Performance monitoring is essential for the secure and reliable operation of a cloud environment.
Data on the performance of the underlying components may provide early indications of hardware failure
Traditionally, four key subsystems are recommended for monitoring in cloud environments:
- Network: Excessive dropped packets
- Disk: Full disk or slow reads and writes to the disks (input/output operations per second [IOPS])
- Memory: Excessive memory usage or full utilization of available memory allocation
- CPU: Excessive CPU utilization
Familiarize yourself with these four subsystems and learn about the vendor-specific monitoring recommendations, best practice guidelines, and thresholds for performance as required.
Although each vendor has specific thresholds and ranges for acceptable operation identified by area for their products and platforms, generally, for each of the four subareas identified, a lower value based on measurement over time indicates better performance. However, this is directly dependent on the specific parameters of the monitored item in question.
Cloud Outsourcing Monitoring
Adequate staffing should be allocated for the 24/7 monitoring of the cloud environment.
One option is to outsource the monitoring function to a trusted third party.
Exercise due care and due diligence if you’re pursuing an outsourcing option.
The need to assess risk and manage a vendor relationship in such a critical area for the enterprise means that you must take your time vetting potential cloud monitoring partners.
Use common-sense approaches such as these:
- Having HR check references
- Examining the terms of any SLA or contract being used to govern service terms
- Executing some form of a trial of the managed service in question before implementing into production
Cloud Hardware Performance Monitoring
In cloud environments, regardless of how much-virtualized infrastructure you deploy, there is always physical infrastructure underlying it that has to be managed, monitored, and maintained.

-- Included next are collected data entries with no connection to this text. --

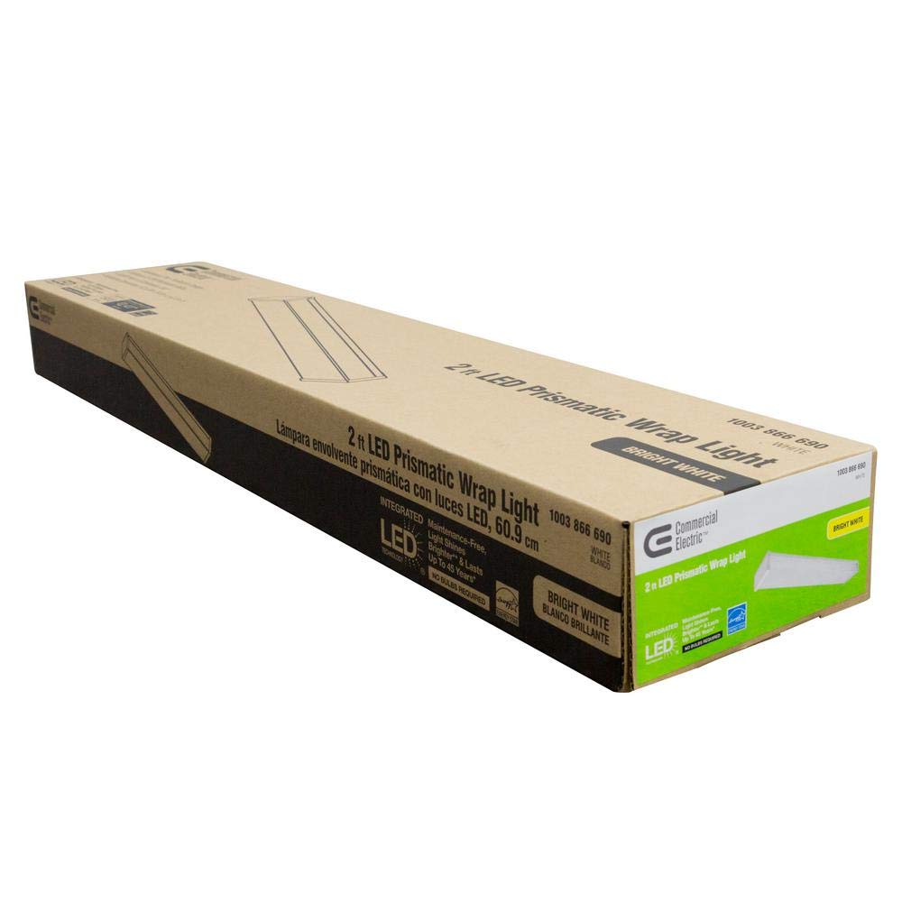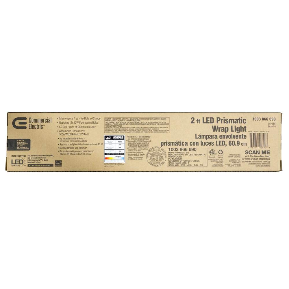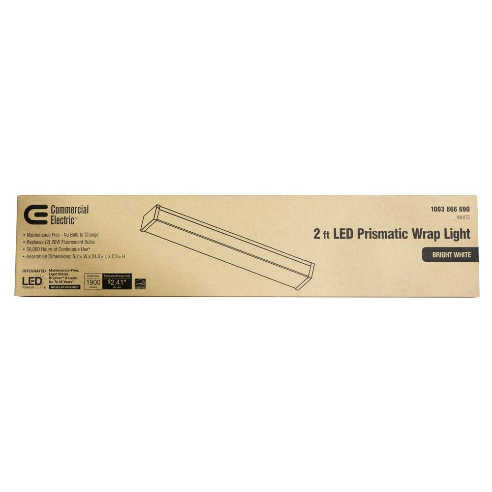 The 2 ft. integrated LED prismatic lens wrap from Commercial Electric is perfect for any application where a high quality, long-lasting light is needed. It can be easily installed and is perfect for replacing a traditional fluorescent fixtures. Its high-performance energy efficient LEDs will reduce your operating costs and save you money. Highlights Integrated (no bulb) led maintenance free Prismatic lens Quick connects 1900 Lumens of 4000k bright white light 50,000-hours ETL listed ENERGY STAR
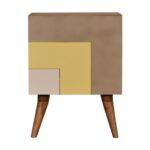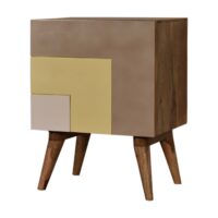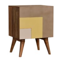 Offering a clean and sharp L pattern and hand painted in 3 rich shades of yellow this bedside offers plenty of room on top for a lamp, photo frame or books. Storage is offered with one door which can be used to easily store bits and pieces and keep them close and handy before bedtime. Other features include Nordic style legs and the body is constructed from 100% solid mango wood.
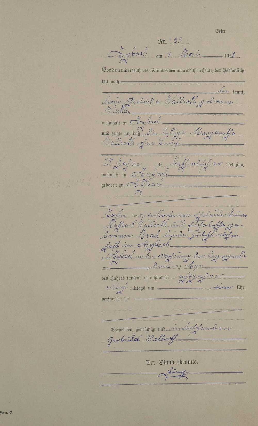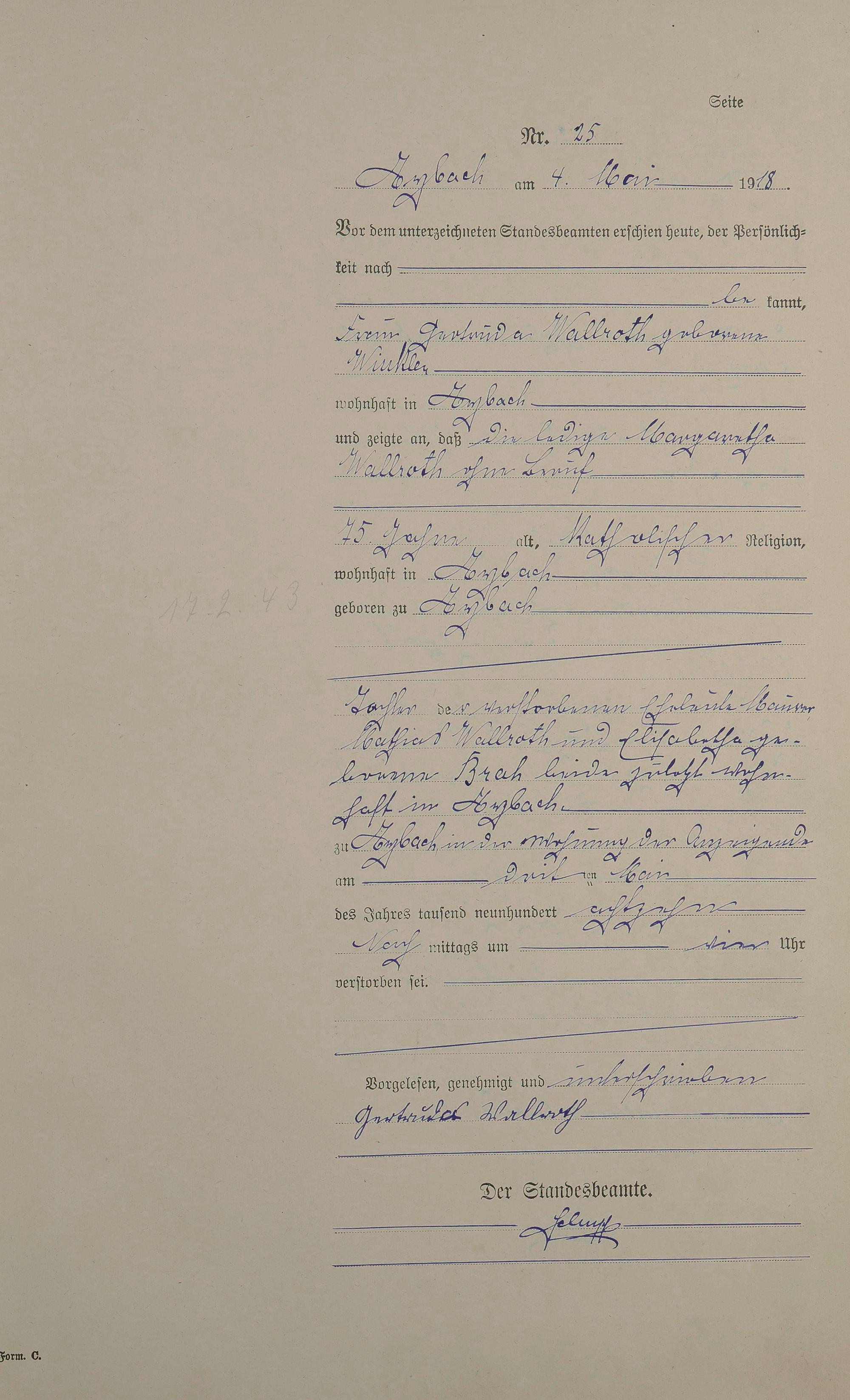 Sterberegister 1918
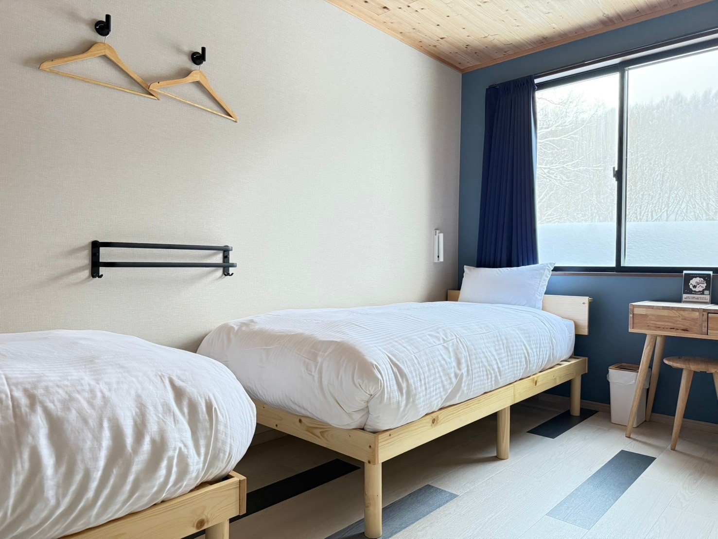 シングルベッド2台を設置。カップルやご夫婦はもちろん、お1人様での利用もOK!シンプルで居心地のよい空間です。床暖房完備で寒い日でも快適にお過ごしいただけます
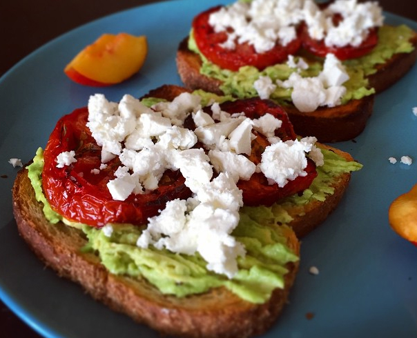 - Place the sliced roast tomato on top and sprinkle with Danish Feta.
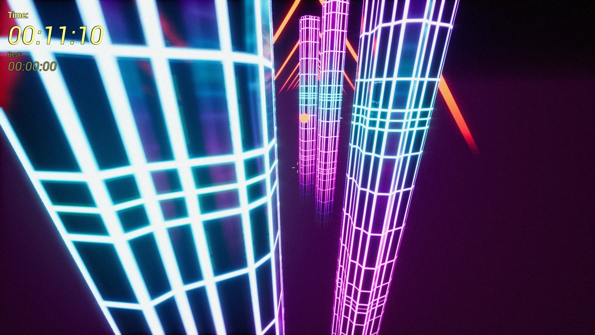 Retro Run is a first-person action-paced platformer with difficult-to-beat enemies, where you can either platform your way through a 80s' synthwave aesthetic or fight your way through dystopian cyberpunk environments where the police has been corrupted by the New Order.
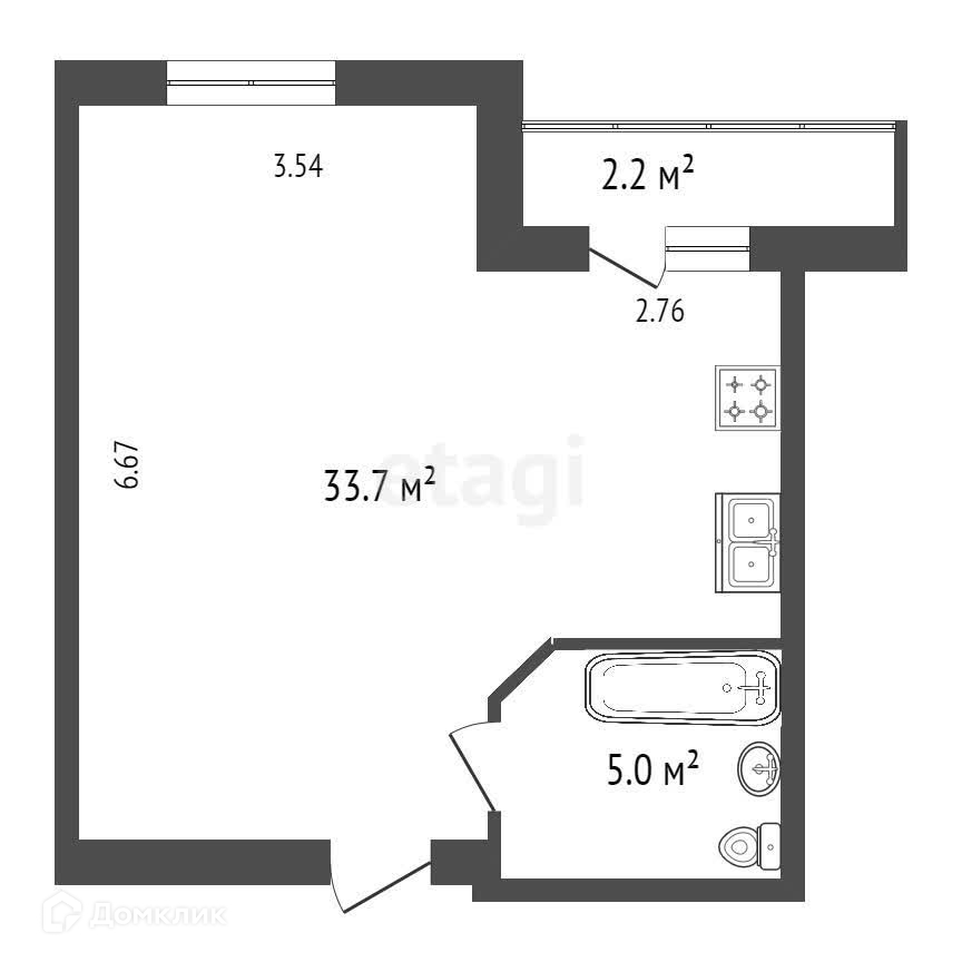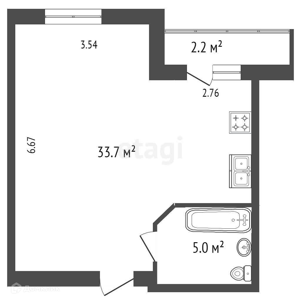 Общая площадь 38.7 м2

Extend your monitoring of the four key subsystems discussed in the previous section to include the physical hosts and infrastructure that the virtualization layer rides on top of.
The same monitoring concepts and thought processes apply, as have already been discussed.
The only difference to account for is the need to add some additional items that exist in the physical plane of these systems, such as CPU temperature, fan speed, and ambient temperature within the data center hosting the physical hosts.
Many of the monitoring systems to be deployed to observe virtualized infrastructure can be used to monitor the physical performance aspects of the hosts as well.
These systems can also be used to alert on thresholds established for performance based on several methods, whether activity or task-based, metric-based, or time-based.
Each vendor has its specific methodologies and tools to be deployed to monitor its infrastructure according to its requirements and recommendations.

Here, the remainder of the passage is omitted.